** Given information follows **

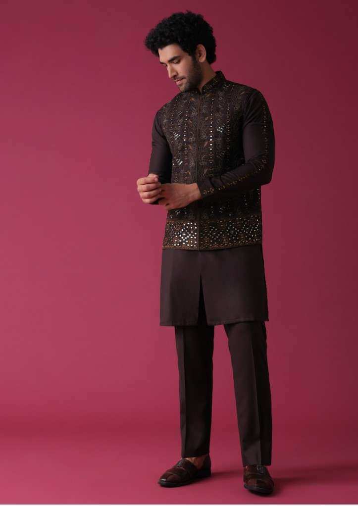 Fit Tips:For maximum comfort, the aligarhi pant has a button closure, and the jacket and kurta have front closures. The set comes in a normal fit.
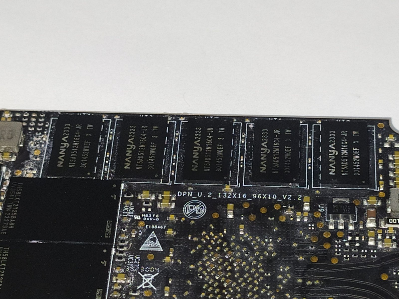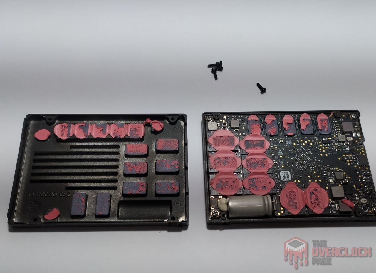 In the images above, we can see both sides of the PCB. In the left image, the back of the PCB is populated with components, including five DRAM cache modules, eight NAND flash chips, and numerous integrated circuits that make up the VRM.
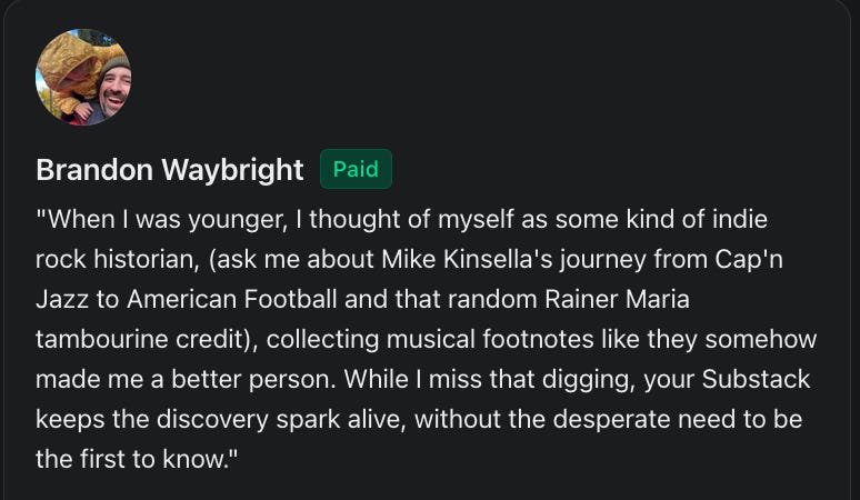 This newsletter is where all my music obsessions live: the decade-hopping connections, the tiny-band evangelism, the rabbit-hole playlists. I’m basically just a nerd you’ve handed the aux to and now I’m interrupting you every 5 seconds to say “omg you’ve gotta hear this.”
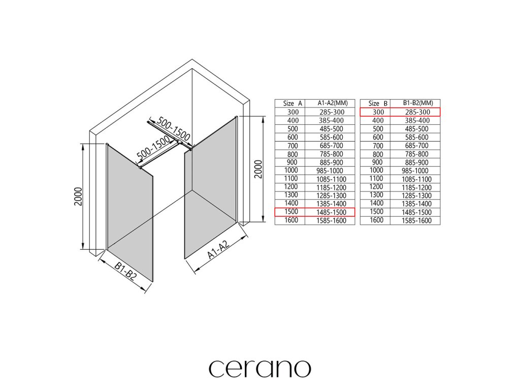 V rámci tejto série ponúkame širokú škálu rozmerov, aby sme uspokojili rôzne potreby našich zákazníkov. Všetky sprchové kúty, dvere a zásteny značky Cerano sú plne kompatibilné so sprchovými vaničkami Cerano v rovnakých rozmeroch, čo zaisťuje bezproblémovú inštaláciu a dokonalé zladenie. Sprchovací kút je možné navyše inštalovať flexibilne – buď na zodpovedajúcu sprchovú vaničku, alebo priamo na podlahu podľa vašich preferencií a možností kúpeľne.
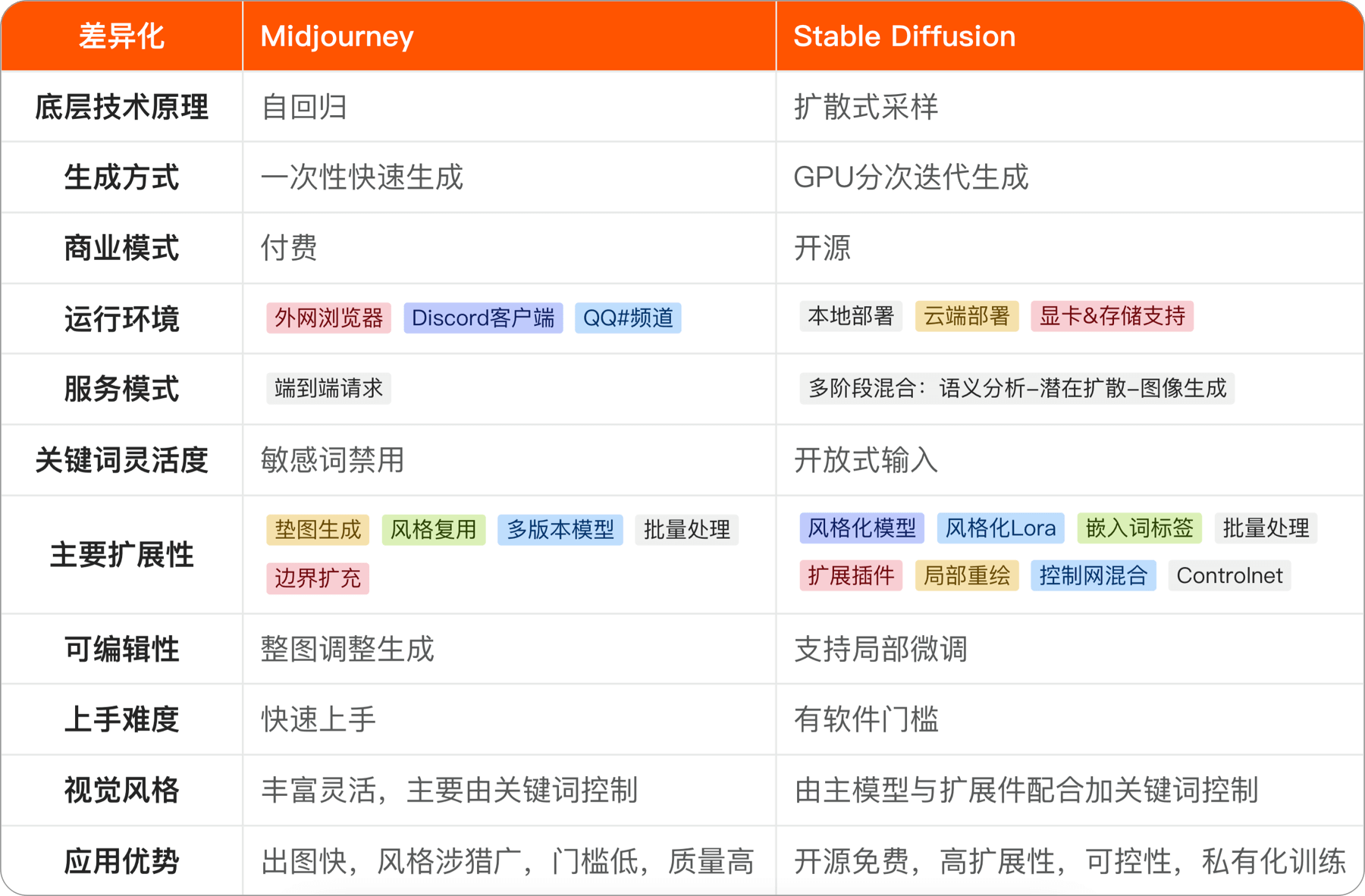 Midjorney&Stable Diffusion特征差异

** End of Given information **
** Given information follows **

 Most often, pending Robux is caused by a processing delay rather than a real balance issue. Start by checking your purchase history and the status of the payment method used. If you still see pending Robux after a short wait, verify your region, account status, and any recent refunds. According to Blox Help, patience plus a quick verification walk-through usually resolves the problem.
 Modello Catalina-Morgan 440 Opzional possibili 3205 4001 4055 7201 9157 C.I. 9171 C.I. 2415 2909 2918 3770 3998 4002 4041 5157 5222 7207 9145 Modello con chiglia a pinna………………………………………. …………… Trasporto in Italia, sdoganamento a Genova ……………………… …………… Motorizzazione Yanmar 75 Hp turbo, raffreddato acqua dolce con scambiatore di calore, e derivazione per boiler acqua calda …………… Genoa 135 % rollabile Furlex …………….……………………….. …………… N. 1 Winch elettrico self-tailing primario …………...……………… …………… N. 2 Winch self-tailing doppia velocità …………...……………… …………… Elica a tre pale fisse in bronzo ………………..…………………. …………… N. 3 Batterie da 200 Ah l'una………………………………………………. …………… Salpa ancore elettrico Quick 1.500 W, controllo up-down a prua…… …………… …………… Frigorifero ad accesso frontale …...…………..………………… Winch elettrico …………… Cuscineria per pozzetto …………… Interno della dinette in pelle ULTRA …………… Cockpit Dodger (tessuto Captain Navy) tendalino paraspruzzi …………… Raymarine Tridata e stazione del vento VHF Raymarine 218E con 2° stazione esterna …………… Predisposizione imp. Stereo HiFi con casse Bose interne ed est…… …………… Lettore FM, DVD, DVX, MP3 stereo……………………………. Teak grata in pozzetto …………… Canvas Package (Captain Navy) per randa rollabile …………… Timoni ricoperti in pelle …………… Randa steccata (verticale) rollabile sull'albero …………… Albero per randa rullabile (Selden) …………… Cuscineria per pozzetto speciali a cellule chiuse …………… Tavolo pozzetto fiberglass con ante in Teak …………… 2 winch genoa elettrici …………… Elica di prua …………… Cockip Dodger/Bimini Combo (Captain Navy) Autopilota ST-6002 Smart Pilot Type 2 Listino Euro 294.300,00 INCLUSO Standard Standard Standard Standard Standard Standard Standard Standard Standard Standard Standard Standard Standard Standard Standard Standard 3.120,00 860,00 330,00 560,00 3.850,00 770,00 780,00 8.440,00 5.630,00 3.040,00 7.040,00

** End of Given information **

**Instructions to follow:** The lines above from the line with "Fit Tips:For maximum" through the line with "This newsletter is" are to be given again word for word, with no pictures among them.

**Final answer:**
 Fit Tips:For maximum comfort, the aligarhi pant has a button closure, and the jacket and kurta have front closures. The set comes in a normal fit.
 In the images above, we can see both sides of the PCB. In the left image, the back of the PCB is populated with components, including five DRAM cache modules, eight NAND flash chips, and numerous integrated circuits that make up the VRM.
 This newsletter is where all my music obsessions live: the decade-hopping connections, the tiny-band evangelism, the rabbit-hole playlists. I’m basically just a nerd you’ve handed the aux to and now I’m interrupting you every 5 seconds to say “omg you’ve gotta hear this.”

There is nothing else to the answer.